Understanding Fibromyalgia; How Experts are Diagnosing and Treating Their Patients - Episode 9
Experts discuss which providers often diagnose fibromyalgia (FM) and how the burden of care has changed in recent years.
Transcript
Wendy Wright, DNP, ANP-BC, FNP-BC, FAANP, FAAN, FNAP: Who do you think makes the diagnosis of fibromyalgia most often? Do you think it's rheumatology? Do you think it's pain neurology, physiatry, primary care? What's your thought on that?
Benjamin Natelson, MD: Must be primary care. I'm just going to say for the FDA approved three drugs for the treatment of fibromyalgia it probably was different. The primary care doctor didn't even want to know about these patients, but as soon as their FDA approved drugs, then the primary care doctor starts nodding his or her head and says, I can help these patients. And things are different. That it's a very common syndrome in 5 or 6% of America. And they're not being helped by we neurologists or rheumatologists as much as the primary care doctor.
Wendy Wright, DNP, ANP-BC, FNP-BC, FAANP, FAAN, FNAP: I will tell you in my community the rheumatologists are really limiting who they will take on for patients just because there are not enough of them and they really need to focus on the more chronic inflammatory disorders, rheumatoid, psoriatic arthritis, et cetera. So, for me, a lot of this falls back into our lap because we are the ones who are seeing these patients over time. Any other thoughts on this?
Kostas Botsoglou, MD: I agree with you, Wendy. It's access. There are very few rheumatologists in my metropolitan area, and many since COVID have been required. So, they're not going to make their way into a rheumatologist practice as quickly as they can make it to a primary care.
Daniel Clauw, MD: And the rheumatologists are not trained to take care of this group of patients, they're trained to take care of people with autoimmune disease. And there is a workforce issue with rheumatologists. There's absolutely not enough rheumatologists to take care of people with bad lupus and bad rheumatoid arthritis, and that's where they should be. At most the rheumatologists should be seeing these people once and making sure they don't have autoimmune disease. We shouldn't expect that they are the ones that will be, it's just too common.

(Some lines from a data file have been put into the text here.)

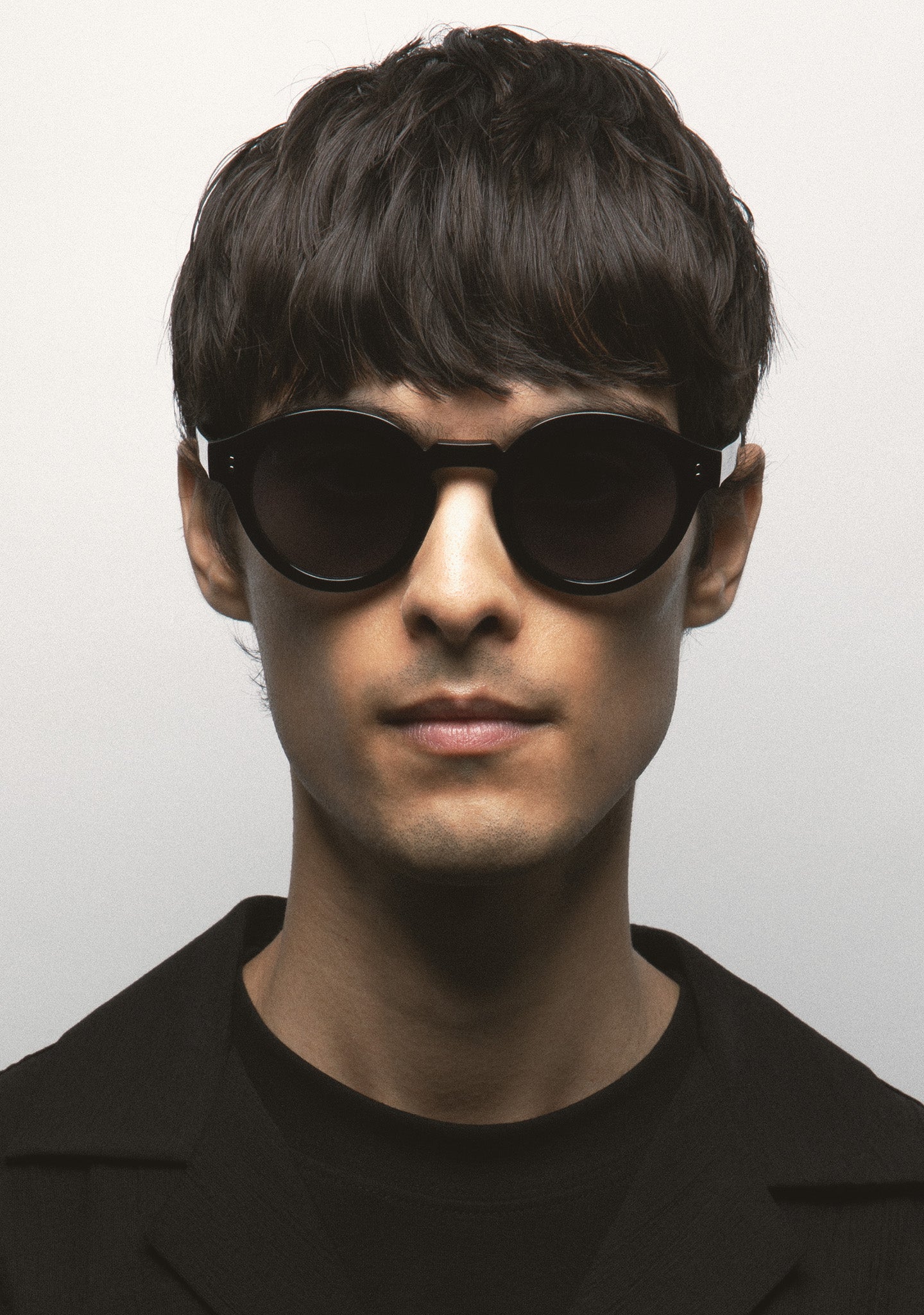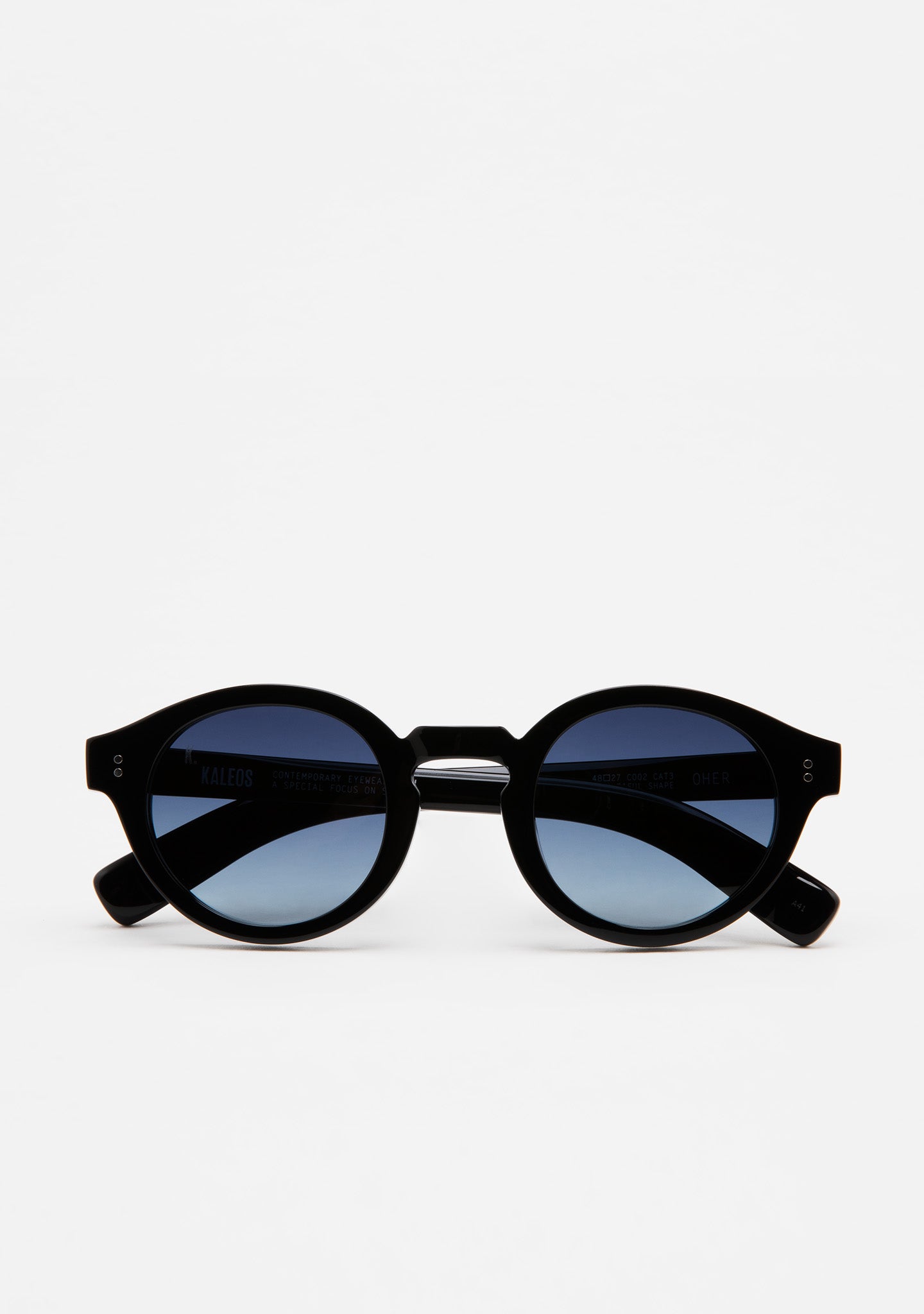 Panto shaped sunglasses with keyhole bridge. Black acetate frame front and temples. Hinges with silver rivets on end elbow pieces and temples. Dark blue tint base 2 lenses with 100% UV protection and anti-reflective treatment. Category 3 polarised lens. Built-in acetate nose pads. Handmade.
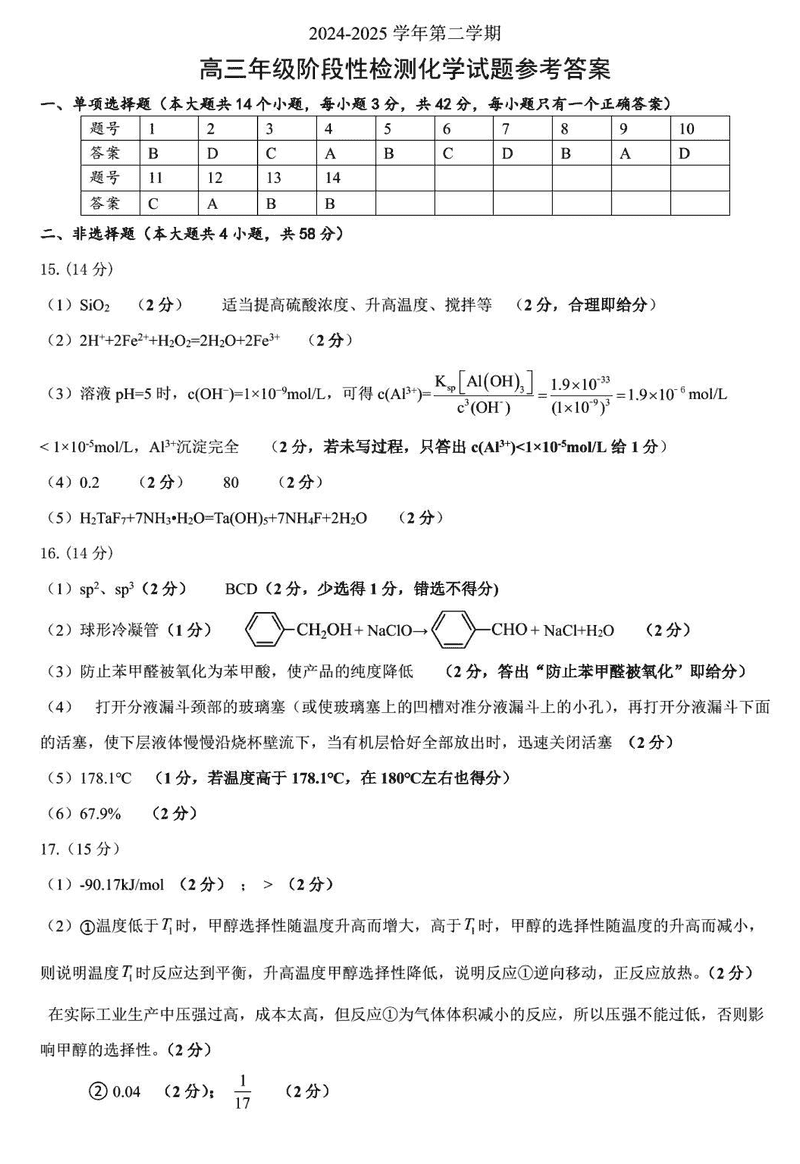 合肥市普通高中六校联盟2024-2025学年高三下学期阶段性检测化学考试已于近日开考,为方便考生考后及时查看考试情况,查漏补缺、弥补不足,本文整理了试题答案解析相关信息!
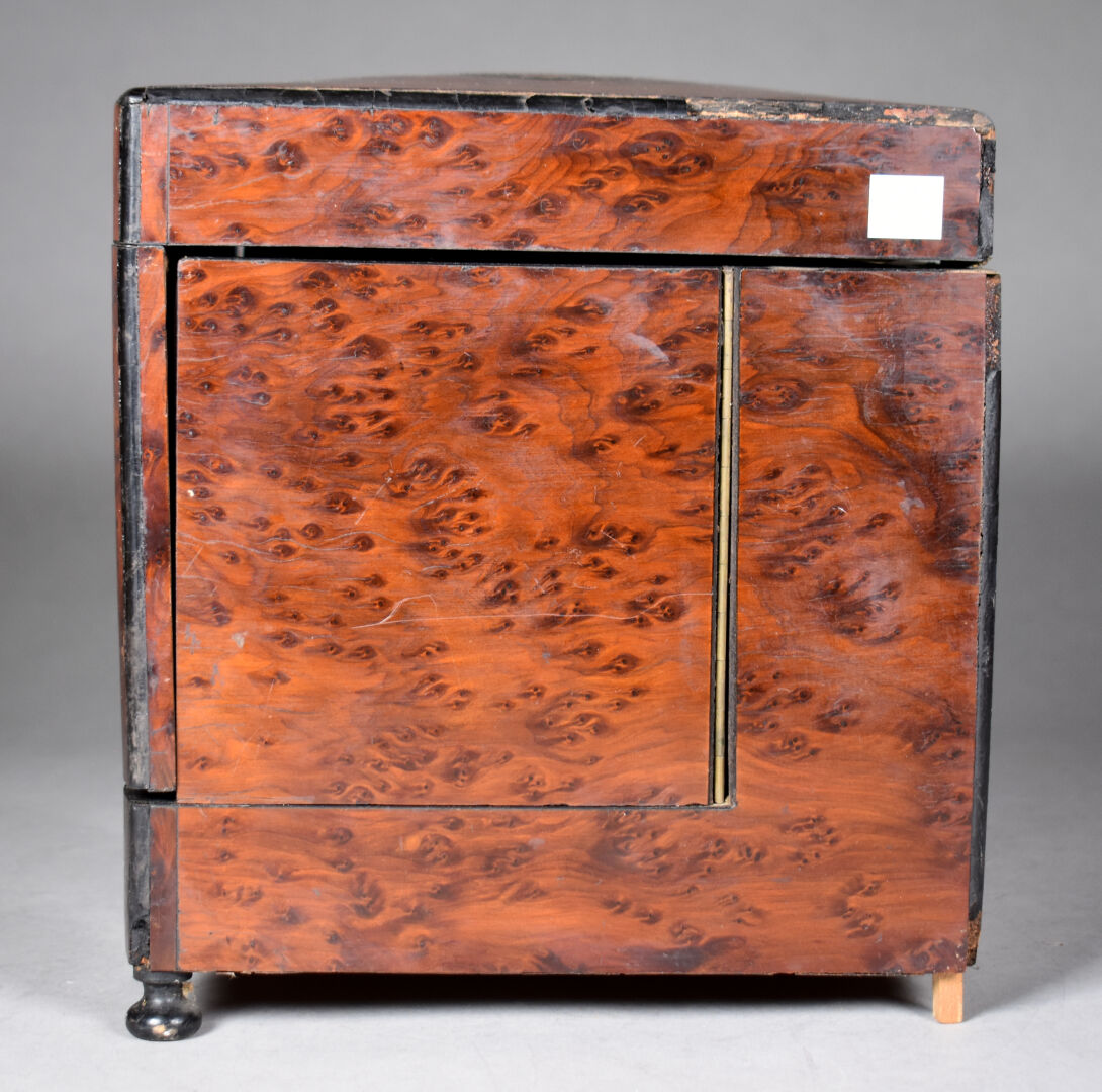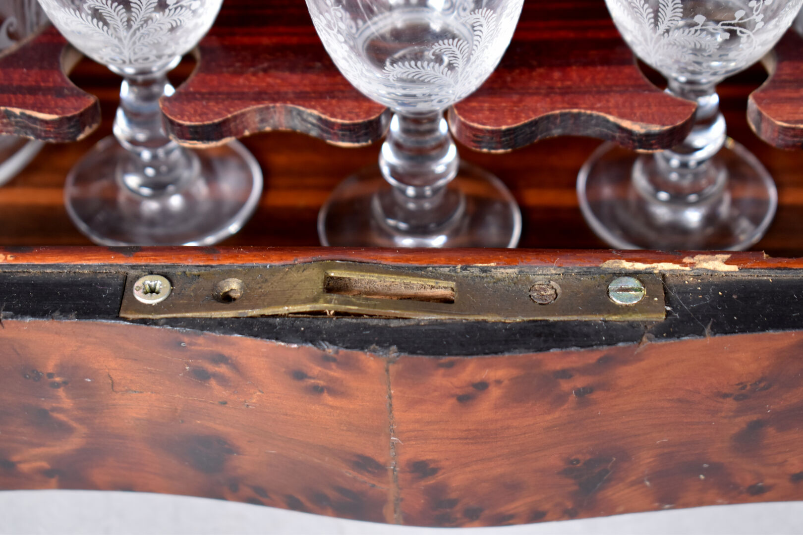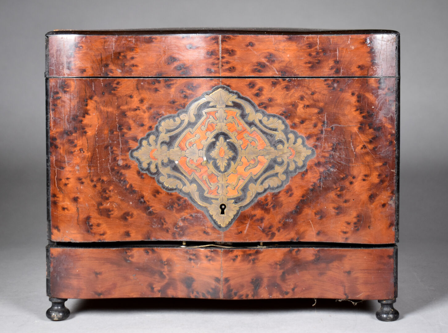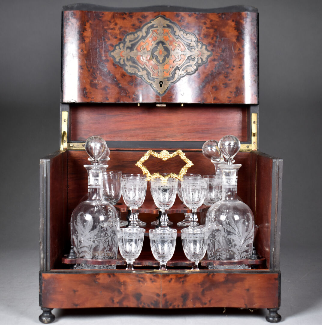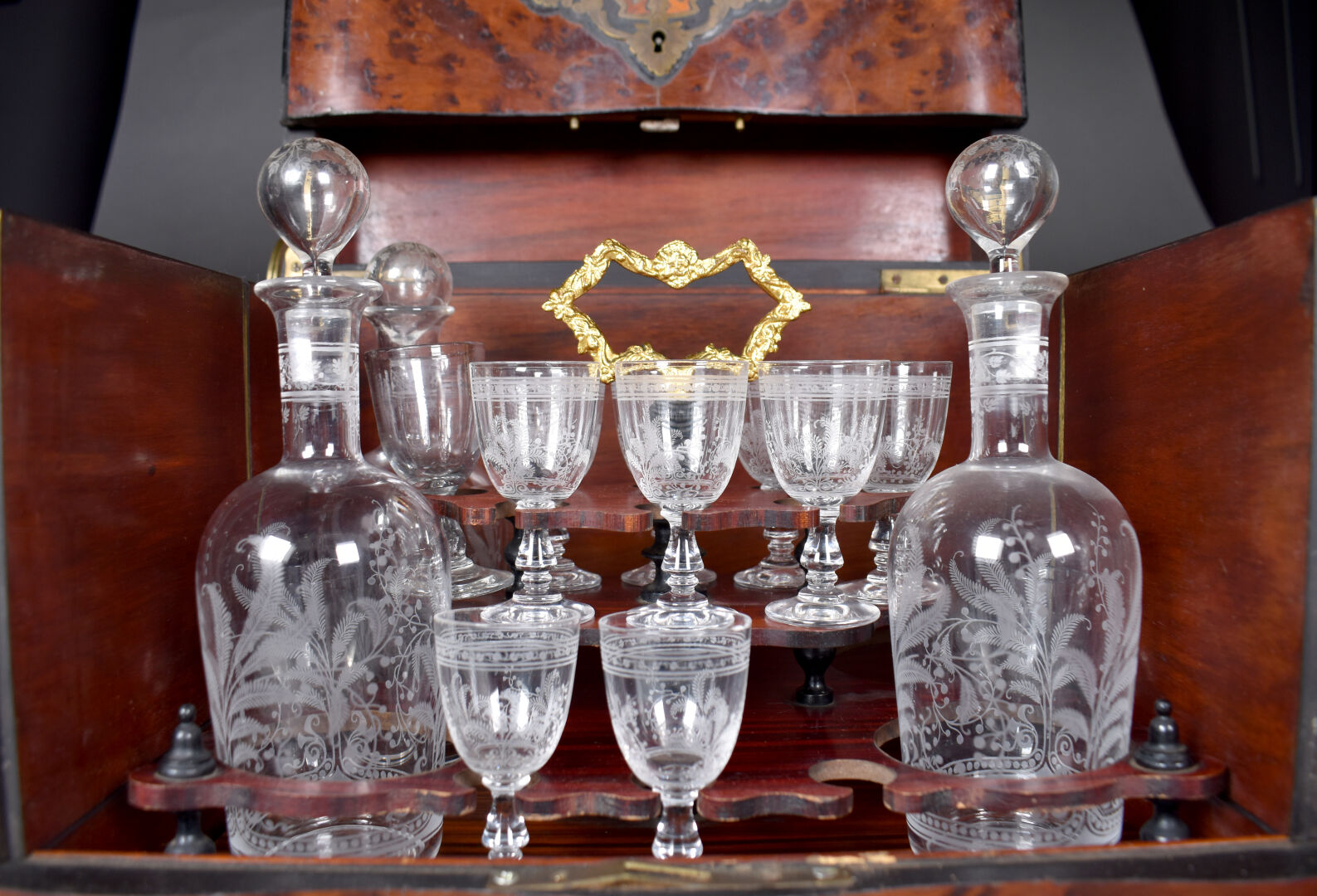 Cave à liqueur en placage de bois à décor marqueté de laiton. L’intérieur comprenant quatre carafes et 13 verres à liqueur, certains à décor de feuillages (manquent 3 et 3 en verre simple rapportés), quelques égrenures, éclats et 2 bouchons cassés. Accidents et manques au placage et aux charnières. Epoque Napoléon III. Dim. Haut. : 27 cm – Larg. : 32 cm – Prof. : 24 cm.

Benjamin Natelson, MD: And again, the rheumatologist is not a pain manager. He or she is an inflammation manager. I would like to jump in because we've been lumping headache and migraine with these disorders and with the discovery of these calcitonin gene related treatments, we've made real giant steps in treating these vascular headaches. We have to keep an open mind about ultimately finding pathophysiological ways to differentiate one patient with one set of symptoms from another, and hopefully will lead to different treatments.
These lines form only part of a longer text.